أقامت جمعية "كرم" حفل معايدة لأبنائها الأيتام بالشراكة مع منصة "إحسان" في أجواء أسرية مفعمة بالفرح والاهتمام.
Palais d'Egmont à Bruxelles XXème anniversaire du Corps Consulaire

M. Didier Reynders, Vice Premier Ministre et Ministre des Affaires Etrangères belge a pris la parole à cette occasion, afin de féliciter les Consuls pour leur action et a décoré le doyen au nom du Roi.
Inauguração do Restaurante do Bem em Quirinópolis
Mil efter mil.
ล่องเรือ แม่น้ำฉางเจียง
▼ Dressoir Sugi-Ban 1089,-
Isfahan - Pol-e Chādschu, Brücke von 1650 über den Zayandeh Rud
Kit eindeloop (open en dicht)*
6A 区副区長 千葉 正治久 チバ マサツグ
....
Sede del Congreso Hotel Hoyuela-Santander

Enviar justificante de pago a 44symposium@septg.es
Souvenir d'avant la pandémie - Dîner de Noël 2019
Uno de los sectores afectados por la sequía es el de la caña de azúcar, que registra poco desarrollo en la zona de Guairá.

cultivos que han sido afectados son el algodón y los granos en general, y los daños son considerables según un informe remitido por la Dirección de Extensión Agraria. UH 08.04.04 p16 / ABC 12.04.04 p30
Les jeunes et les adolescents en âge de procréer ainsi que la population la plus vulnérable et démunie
....
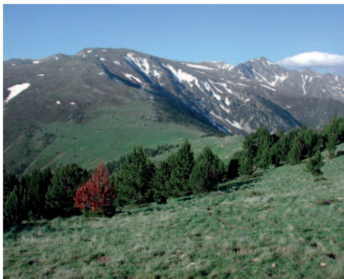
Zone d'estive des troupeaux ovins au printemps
....
- **Prompt**: Looking back over the data above, restate word for word the lines that begin at the line with "Isfahan - Pol-e" and end at the line with "6A 区副区長 千葉 正治久 チバ マサツグ", inclusive.

- **Solution to the exercise**:
Isfahan - Pol-e Chādschu, Brücke von 1650 über den Zayandeh Rud
Kit eindeloop (open en dicht)*
6A 区副区長 千葉 正治久 チバ マサツグ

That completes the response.